To all the Complainants

27. Australia and Brazil are on the record in 1981 as disagreeing with differential treatment for ACP/India equivalent sugar. Despite the fact that the Complainants opposed this differential treatment, is the EC correct in stating that in concluding the WTO Agreement, of which the footnote formed part, they explicitly agreed to this treatment ?

No. See responses to Panel Questions 16 and 17.

28. If the answer to the previous question is that the Complainants did not agree to this treatment when they concluded the WTO Agreement, do they disagree with the Appellate Body's statement that:

[w]hile each schedule represents the [..] commitments made by one Member, they represent a common agreement among all Members.[3]

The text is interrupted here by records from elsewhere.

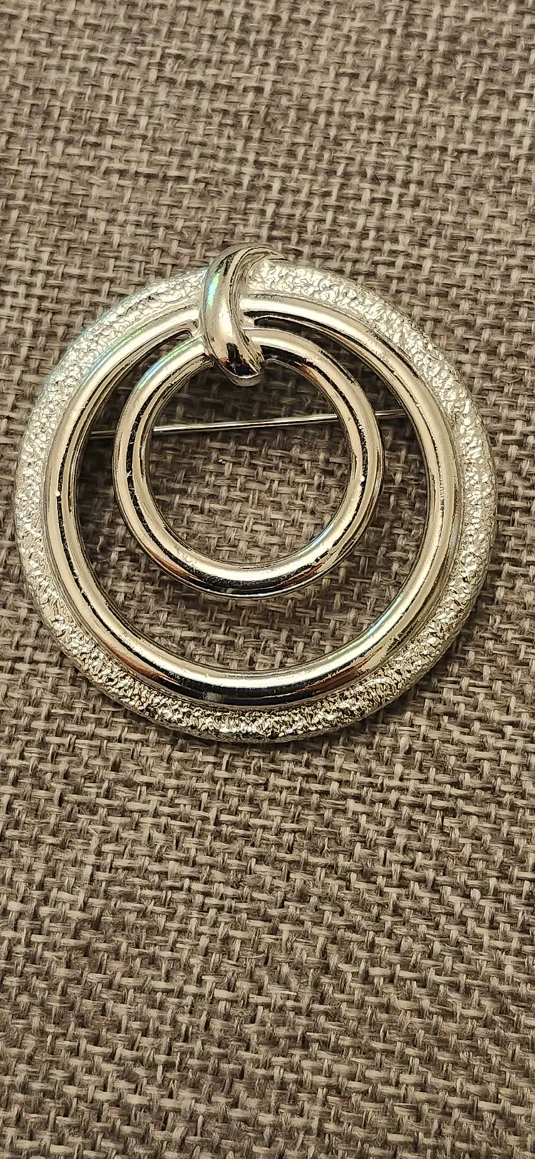 Vintage Signed Sarah Coventry Silvertone brooch pin Circle in a circle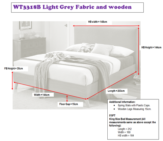 Artisan 5ft Kingsize Light Grey Fabric & Wooden Bed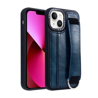 For iPhone 13 Photo Frame Card Wallet Wrist Strap Holder Back Cover Phone Case(Royal Blue)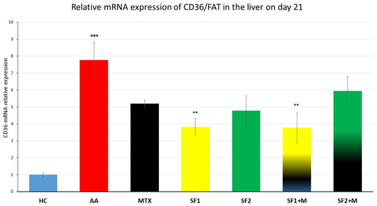 The hepatal gene expression of the cluster of differentiation 36/fatty acid translocase (CD36/FAT) was assessed on day 21 of the experiment. The experimental animals were divided as follows: HC—healthy control; AA—adjuvant arthritis; MTX—methotrexate in the dose of 0.3 mg/kg twice weekly; SF1—saffron dosage 25 mg/kg a day; SF1 + M—saffron dosage 25 mg/kg a day in combination with MTX 0.3 mg/kg twice weekly; SF2—saffron dosage 50 mg/kg a day; SF2 + M—saffron dosage 50 mg/kg a day in a combination with MTX 0.3 mg/kg twice weekly. Experimental results were presented as a mean ± S.E.M., n = 5–7 samples per group. ANOVA was performed to evaluate statistical significance for independent variables. The symbols representing the significant change were the following: +++ p ≤ 0.001 AA vs. HC; ** p ≤ 0.01 vs. AA.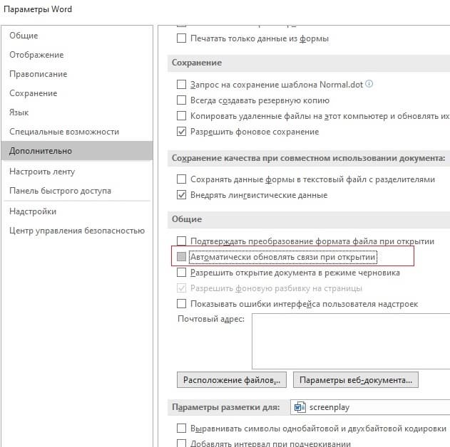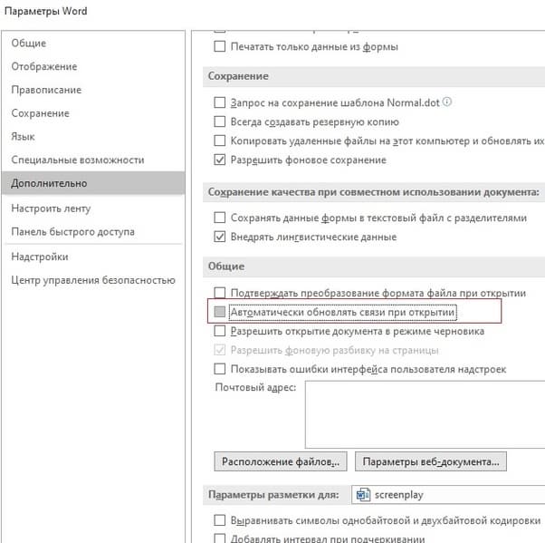 - Прокручиваем раздел «Общие» (или General) до самого конца, и снимаем галочку напротив пункта «Автоматически обновлять связи при открытии» (или Update automatic links at Open).

See response to Panel Question 18. Australia notes that the EC has unilaterally withdrawn two of its schedules since the inception of the WTO Agreement.

29. Brazil and Thailand have stated that at the time of the conclusion of the WTO Agreement they considered that footnote 1 to the EC's schedule was invalid. Please provide supporting evidence including whether this issue was brought to the attention of the EC or any of the ACP sugar supplying states?

See responses to Panel Questions 16 and 17.

To Australia

30. Australia affirmed in its closing statement that:

Australia confirms that it advised the EC before, at and after the conclusion of the Uruguay Round that the EC's unilateral exclusion of so-called ACP and India equivalent sugar from its export subsidy reduction commitments was illegal and subject to challenge.[4]

See responses to Panel Questions 16 and 17.

31. Did representatives of Australia discuss with representatives of the EC the inclusion of footnote 1 in the EC's schedule?

See responses to Panel Questions 16 and 17.

32. Did representatives of Australia agree with EC representatives the inclusion of footnote 1 in the EC's schedule?

See responses to Panel Questions 16 and 17.

To Brazil and Thailand

33. Australia made the following factual statement in its Opening Statement:

Australia recalls that, in the course of the Uruguay Round, informal bilateral discussions took place between a number of GATT signatories, including in relation to agricultural market access concessions on a very large number of tariff lines, non tariff concessions and commitments limiting subsidisation.[5]

Brazil stated that:

Export subsidy reduction commitment schedules under the Agriculture Agreement, however, were not the subject of negotiations.[6]

Do Brazil and Thailand agree with Australia's statement of fact that WTO Members could, and did, have negotiations on commitments limiting subsidisation ?

To all the Complainants

34. If you were of the view in 1994 that the footnote was invalid why did you wait until this dispute to raise the issue?

Australia refers to Article 3.7 of the DSU and the jurisprudence identified in the response to the EC's first question.

EC actions in regard to its complaints against US FSC measures are relevant.

35. Would the Complainants agree that, had they made a persuasive case in the Uruguay Round negotiations that the proposed footnote was invalid, the EC would, in accordance with the Modalities Agreement, have been entitled to include the exports mentioned in footnote 1 in the base quantity?

The EC took a unilateral decision not to include 'ACP/India equivalent' sugar in the base outlay and quantity commitment levels. Australia refers to Exhibit ALA-6.

36. Would the Complainants agree that, if they are successful in this claim (leaving aside C sugar), the EC's export subsidies on sugar would have been reduced by 60 % rather than 21 % ?

The EC took a unilateral decision to exclude certain quantities and budgetary outlays from its base commitment levels. In enactment of the 1995 and 2001 sugar regimes, the EC did so in full knowledge of the consequences when signing on to the Final Act – that, in respect of Article 9.1 listed export subsidies, it would be exporting in excess of its commitment levels.


[1] The LMC Worldwide Survey of Sugar and HFCS Production Costs, 2003 Report, LMC International.

[2] Ibid.

[3] Appellate Body Report, EC – Computer Equipment, para. 109, emphasis in the original.

[4] Para. 16, Australian Closing Statement of 1 April 2004.

[5] Para. 62, Australian Statement of 30 March 2004 (emphasis added).

[6] Para. 79, Brazil's Statement of 30 March 2004 (emphasis in original).